Cette adéquation entre domaines couverts et sujets de société, apparaissant ex-post, est de bon augure : il existe réellement une "french touch" en
économie. Non pas tant du point de vue des méthodes, que de celui des sujets, de leur diversité, de leur pertinence. Dans chacun de ces domaines,
nos quatre primés ont réussi à faire la démonstration que la science économique n'est pas un monstre froid avançant masqué derrière les
mathématiques pour justifier "l'horreur économique", mais en réalité une boîte à outils permettant de comprendre sans préjugés, et de tirer les
conséquences concrètes des analyses. Contrairement à ce que l'on entend parfois, la pertinence du propos et la liberté de choix des sujets ne
constituent pas un handicap en matière de publication et de reconnaissance scientifique. C'est bien parce qu'ils ont réussi à faire des percées sur des
questions originales que les jeunes économistes récompensés ici ont des listes de publications aussi impressionnantes.
Les parcours de nos quatre primés sont également intéressants, en ce qu'ils donnent une photographie de l'état de la profession d'économiste en
France. Le lauréat, Pierre-Olivier Gourinchas, enseigne à Berkeley. Les trois nominés, Yann Algan, Philippe Choné et Thibault Gadjos, sont
respectivement professeur à l'université Paris-Est et à l'Ecole d'économie de Paris, économiste principal au Conseil de la concurrence, et chargé de
recherche au CNRS en poste à l'université Paris-I. Nous laissons deviner au lecteur les sentiments inspirés au jury de ce prix, par la combinaison in
fine d'un praticien utilisant au quotidien l'analyse économique pour parvenir à des décisions relatives à la conduite des affaires, d'un théoricien
conduisant des recherches fondamentales au sein du CNRS et d'un professeur tentant d'éclairer de multiples sujets de société.

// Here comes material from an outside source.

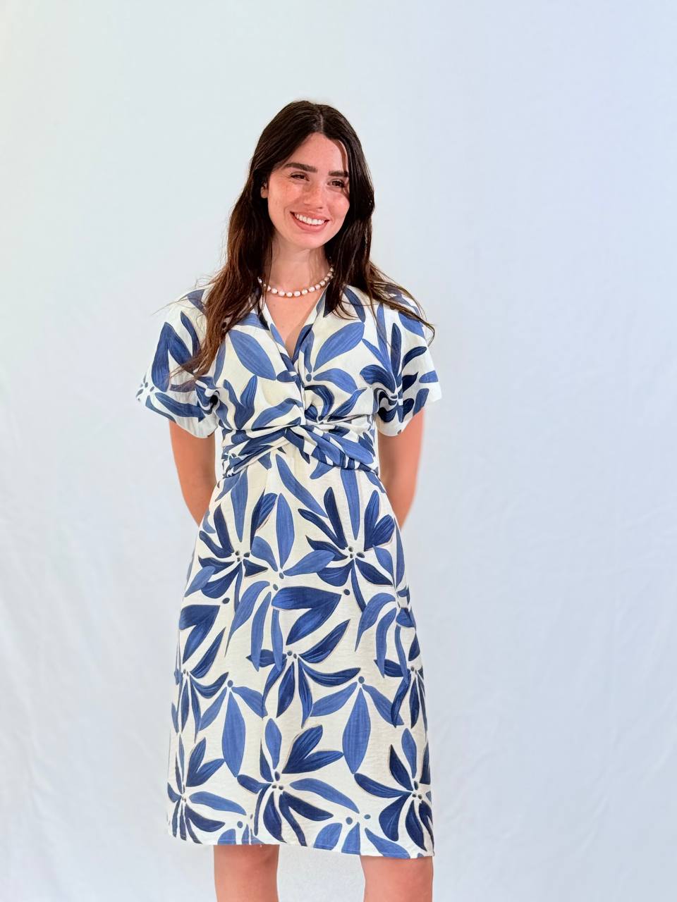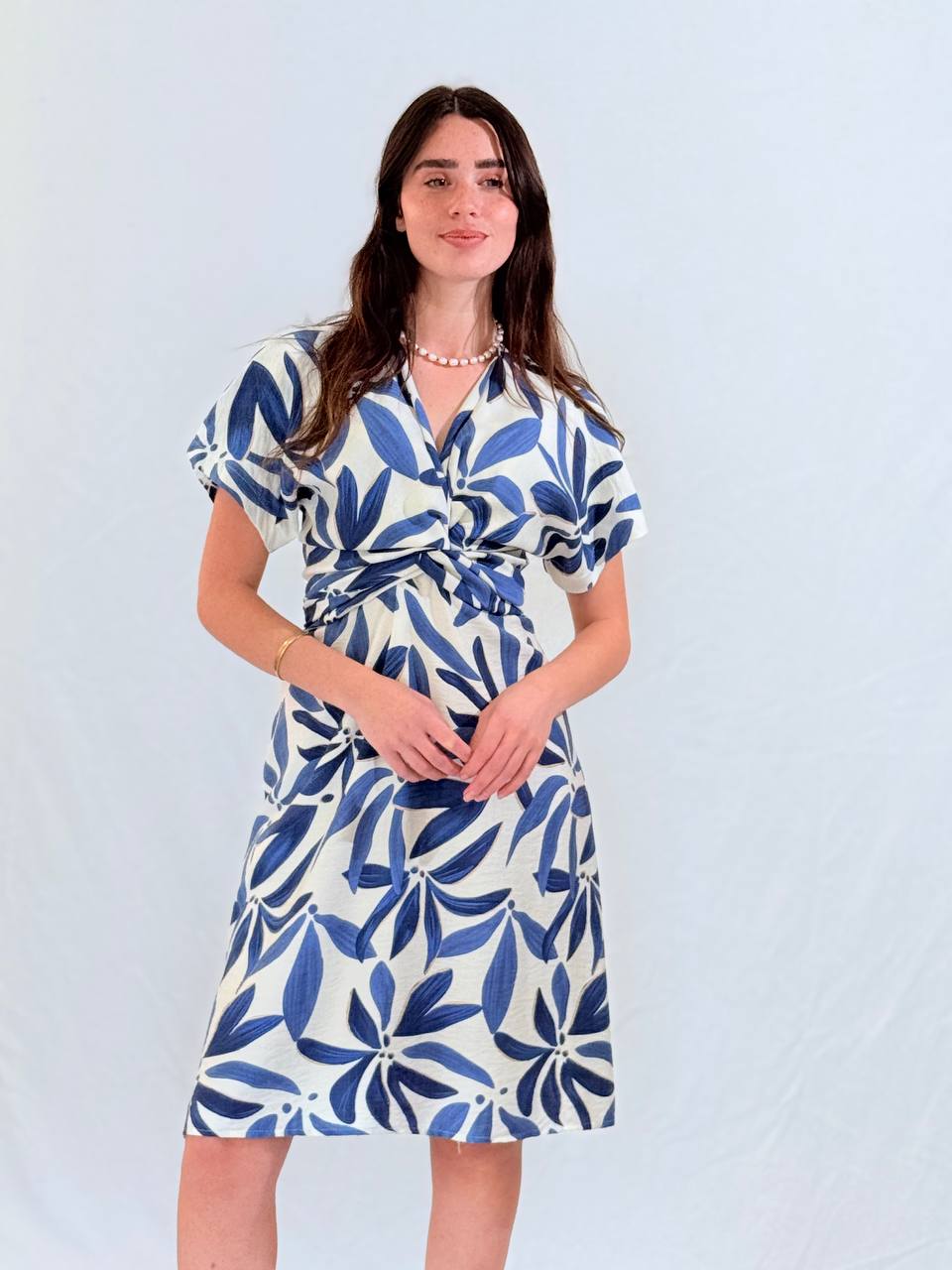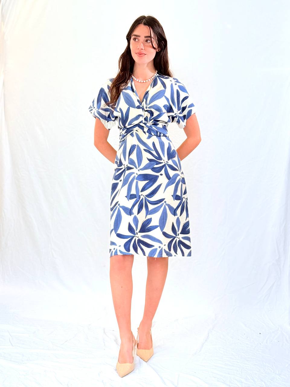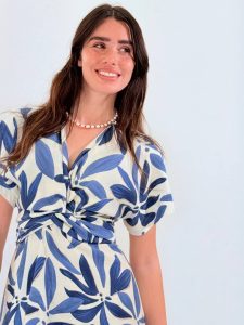 שמלה קלילה ונעימה מבד ויסקוזה נושם עם הדפס פרחוני עדין.

Le processus de sélection ayant amené à ce choix mérite d'être rappelé. A l'automne, les membres du Cercle ont compilé leurs suggestions et sont
parvenus à plus de trente primés potentiels. Chacun de ces jeunes économistes a ensuite envoyé les travaux qu'il ou elle considérait comme les plus
représentatifs. Deux rapporteurs ont fait une présentation de chacun des candidats, et une sélection en deux étapes a eu lieu. Le processus long et
approfondi a plongé, il faut bien le reconnaître, les membres du Cercle dans une grande fébrilité, chacun ayant de bonnes raisons pour trouver des
qualités exceptionnelles à la plupart des dossiers. En réalité, plusieurs excellents candidats qui auraient pu prétendre au prix ne se retrouvent pas
dans la liste des primés de 2008. La compétition sera encore plus vive l'an prochain, en raison de la qualité des dossiers en attente.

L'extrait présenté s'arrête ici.